Em nota, associação comenta três demandas que ainda não foram solucionadas pelo governo de Santa Catarina.
Tubarão
Os servidores do Instituto Geral de Perícias (IGP), por meio da Associação dos Servidores da Perícia Oficial de Santa Catarina (Asposc), divulgaram no último fim de semana uma carta aberta em que se manifestam a respeito de demandas dos auxiliares periciais do Estado.
A nota veio a público após mensagem eletrônica encaminhada pela direção geral do IGP aos servidores, na qual é informada a situação dos processos referentes à regulamentação do porte de arma, indenização por regime especial de trabalho pericial e à contratação emergencial de auxiliares médico-legal.
O processo IGP 7312/2017, sobre a regulamentação do porte de arma, segue para análise pela Procuradoria Geral do Estado, cujo posicionamento mudou em 2015, o que possivelmente permitirá a regulamentação do porte de arma funcional, afirma a nota dos servidores. Em sua defesa, a categoria alega que faz parte da segurança pública e que os servidores do IGP catarinense são os únicos no país que não têm porte de arma.
No caso do processo IGP 8489/2017, que trata da contratação emergencial de auxiliares médico-legal, a nota diz que há restrição no acesso aos autos. Mas a associação adianta que foi informada de que deve haver uma contratação emergencial de profissionais, porém, afirma que desconhece a forma como isso será feito.
No núcleo do IGP em Tubarão há dois auxiliares médicos efetivos. Em Laguna, ocorre o mesmo, no entanto, um dos servidores foi readaptado para o serviço de expediente e não faz plantão. A Asposc afirma que o ideal seria três auxiliares para cada núcleo.
A associação também não descarta a possibilidade de paralisação dos serviços por parte dos servidores do IGP.
IGP é o único órgão da segurança que ainda não ganha indenização
Com relação ao processo SSP 3970/2015, que objetiva a regulamentação da Indenização Especial por Atividade Pericial, a última movimentação refere-se à negativa da continuidade do trâmite, diz a nota. “Causa estranheza a justificativa de implicação de aumento de despesa de folha de pagamento como motivação para a suspensão do processo”, afirma.

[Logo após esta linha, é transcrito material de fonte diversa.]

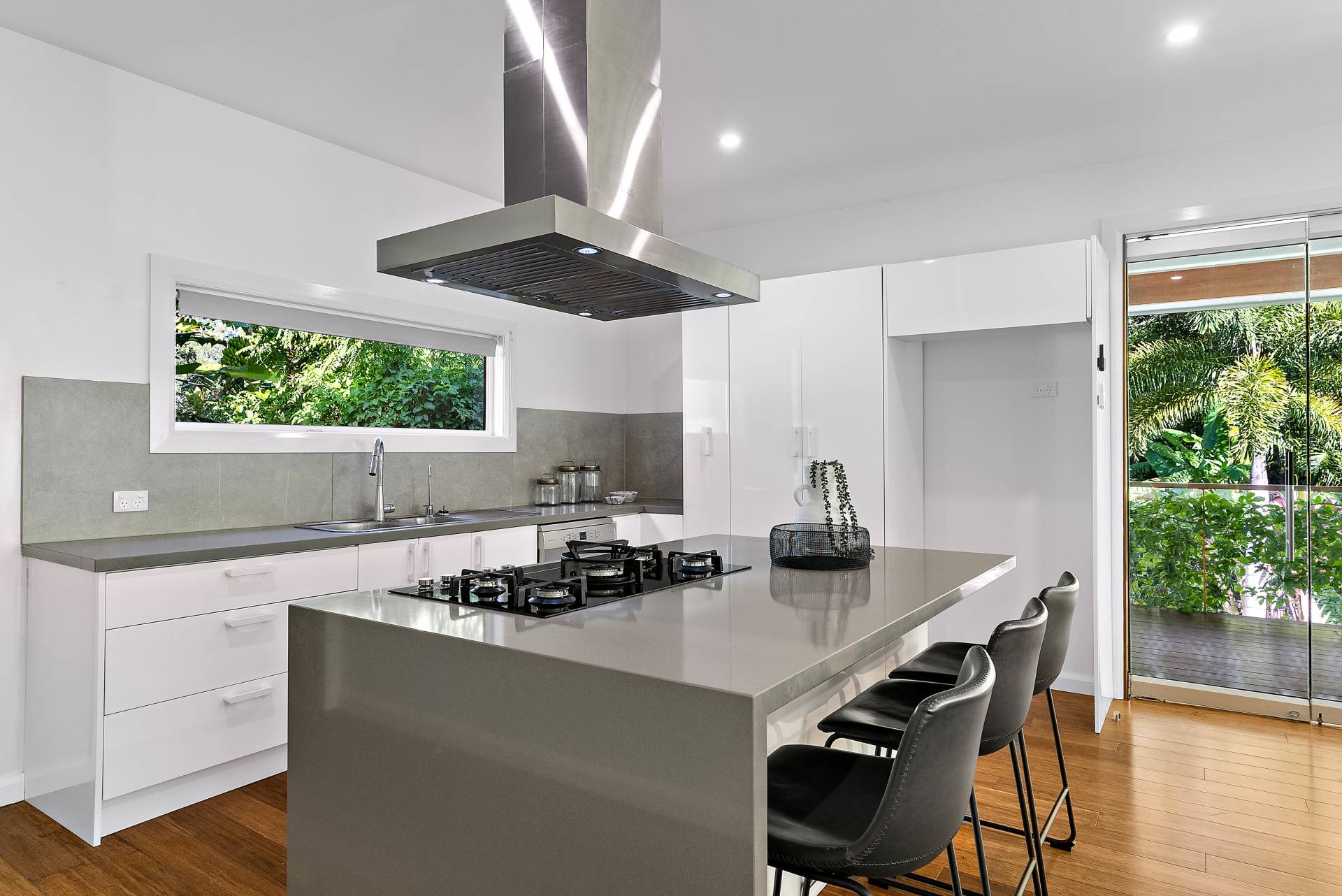 - Contemporary kitchen with Caesarstone benchtops, Bosch and Fisher & Paykel appliances, central sit-up island, filtered water tap
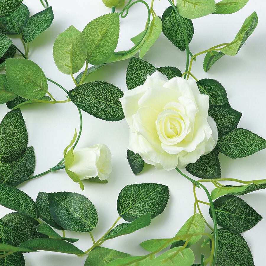 ワイヤースタンド、ワイヤーフレーム、ホワイトローズのガーランド、
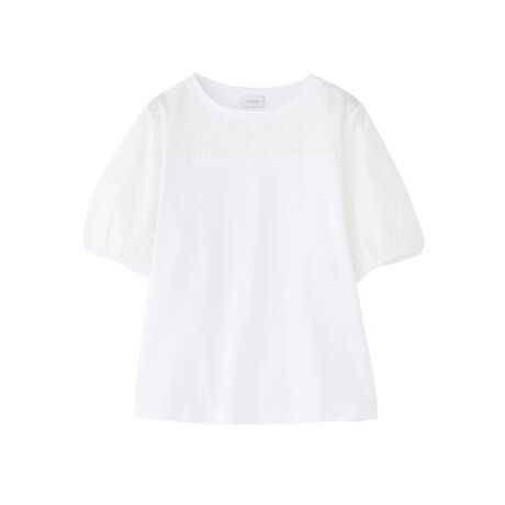 エンブロイダリーレースとキレイ目ジャージを組み合わせたレースコンビカットソー。
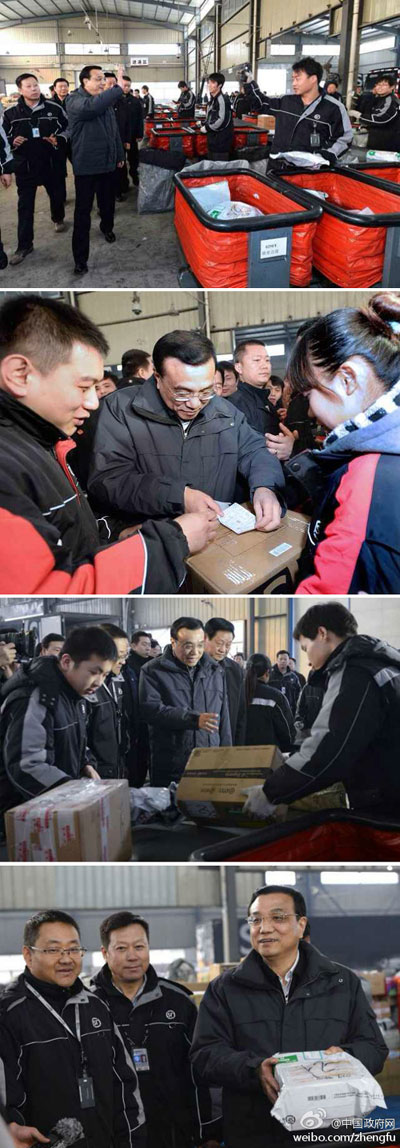 新华网北京1月27日电 据中国政府网官方微博报道,27日,李克强到西安顺丰速运有限公司看望慰问快递工人。李克强说,快递业关系经济民生,你们既是在运送商品,也是在传递亲友心意,给大家送去春节的温暖,把幸福快递到千家万户。快递业是中国经济的“黑马”,祝你们在马年快马加鞭、万马奔腾、马到成功!
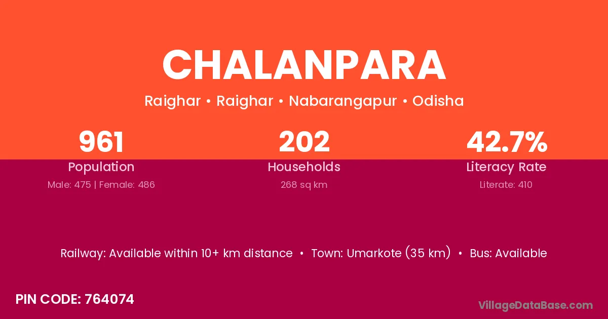 Chalanpara village has a total population of 961 people, of which 475 are males and 486 are females.
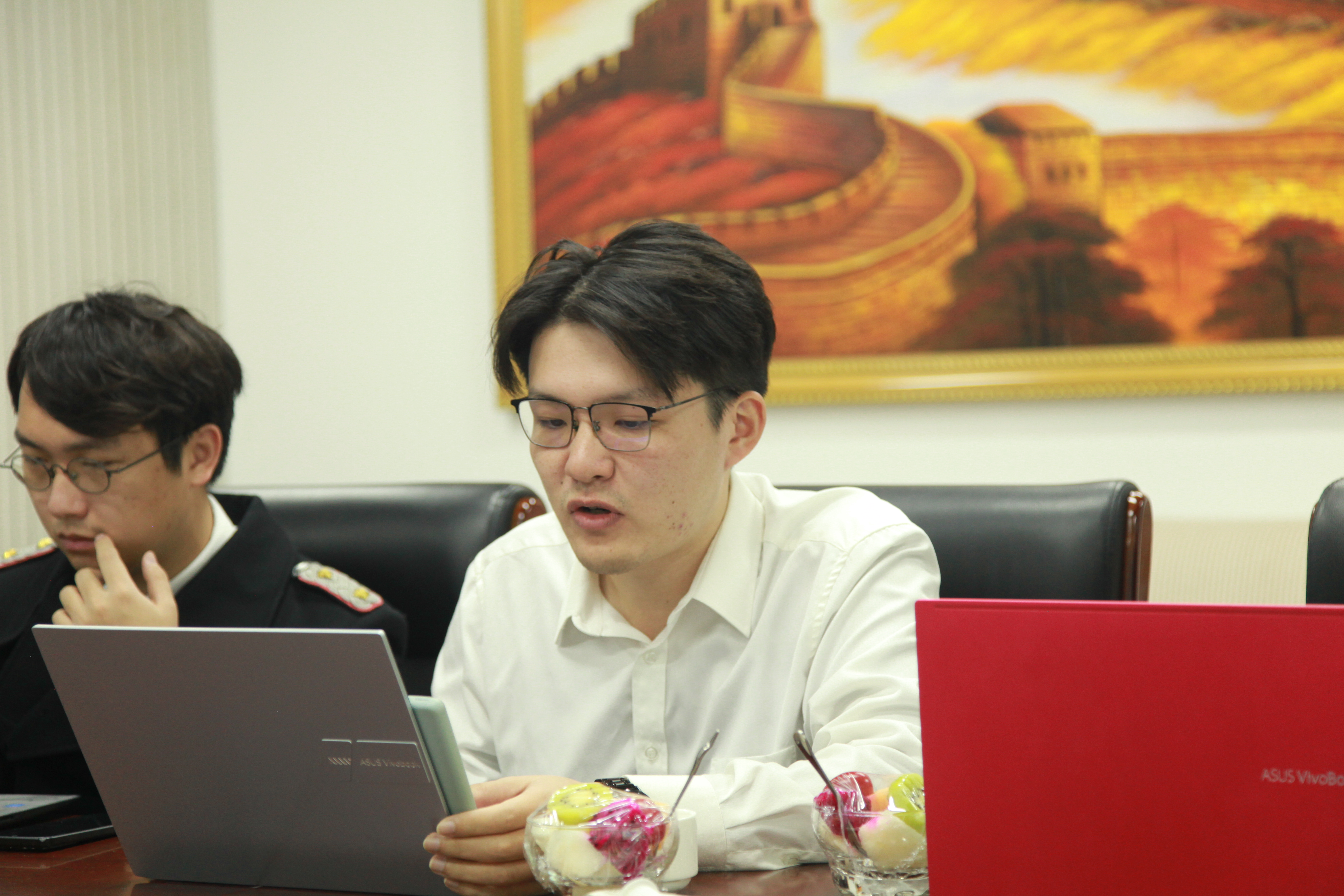 最后,本次会议迎来了韩国首尔国立大学团队的加入,该团队在会上进行了简要的自我介绍。首先,谷明桥教授表达了对GOFP项目的高度关注和参与意愿,并表示将积极投入到未来的项目合作与学术交流中。随后首尔国立团队代表提到,他们将以韩国的学术与实践经验为基础,与其他团队一道探索全球治理的创新路径。他们强调,跨文化视角和多样性合作是构建新型全球秩序的重要基石,并希望通过与中、美、日等团队的深入对话,寻找更多合作空间,为推动项目目标的实现贡献智慧与力量。

Segundo a Asposc, desde 2013 há uma lei que atribui indenização às polícias Civil e Militar e ao IGP. O benefício, de 17,64% dos subsídios, deveria começar a ser pago ao IGP a partir de agosto do ano seguinte, o que nunca ocorreu até agora. Para a PM e PC, o repasse é feito normalmente. “O governo vem enrolando e não temos reconhecimento. Falta isonomia. O problema é a má administração do IGP, que não cobra, deixa passar”, reclama a associação.
Diretor-geral do IGP comenta nota da Aposc
O diretor-geral do IGP, Miguel Colzani, comentou as demandas abordadas na nota da Associação dos Servidores da Perícia Oficial de Santa Catarina. Sobre o porte de armas, ele disse que na semana passada houve uma reunião com a procuradoria do Estado e que ele deve ser regulamentado.
No caso da contratação emergencial de auxiliares médico-legal, Colzani afirmou que já foi feito pedido, que agora está em fase de instrução na secretaria de Segurança Pública. Os funcionários serão contratados por meio de processo seletivo especial pelo prazo de um ano, que pode ser prorrogado por igual período. Nesse meio-tempo, o Estado deve promover um concurso público.
O diretor reconhece o baixo efetivo e garante que a carência de servidores precisa ser suprida.
Sobre as indenizações, ele explica que, no caso do IGP, precisa ainda de uma regulamentação do Estado por meio de decreto. “Vamos conversar com o Estado para ver a situação do projeto. O assunto vai ser resolvido”, diz Colzani. Como isso não ocorre com os outros órgãos da segurança pública, a Asposc reclama de falta de isonomia de oportunidades.
Obra da sede deve estar pronta em um ano
Os servidores do IGP na região cobram também a conclusão da nova sede do órgão, em Tubarão. O prédio está para ser entregue desde 2013 e vai abrigar o Núcleo Regional de Perícias, onde funcionará o Instituto de Criminalística, o Instituto Médico-Legal e o Instituto de Identificação Civil e Criminal.
A futura sede está localizada na rua Jaime Aguiar de Souza, esquina com a rua Maestro João Martins, no bairro São João margem esquerda. Colzani afirma que uma nova empresa já está sendo contratada para concluir a obra. Ele diz que deve levar mais um ano.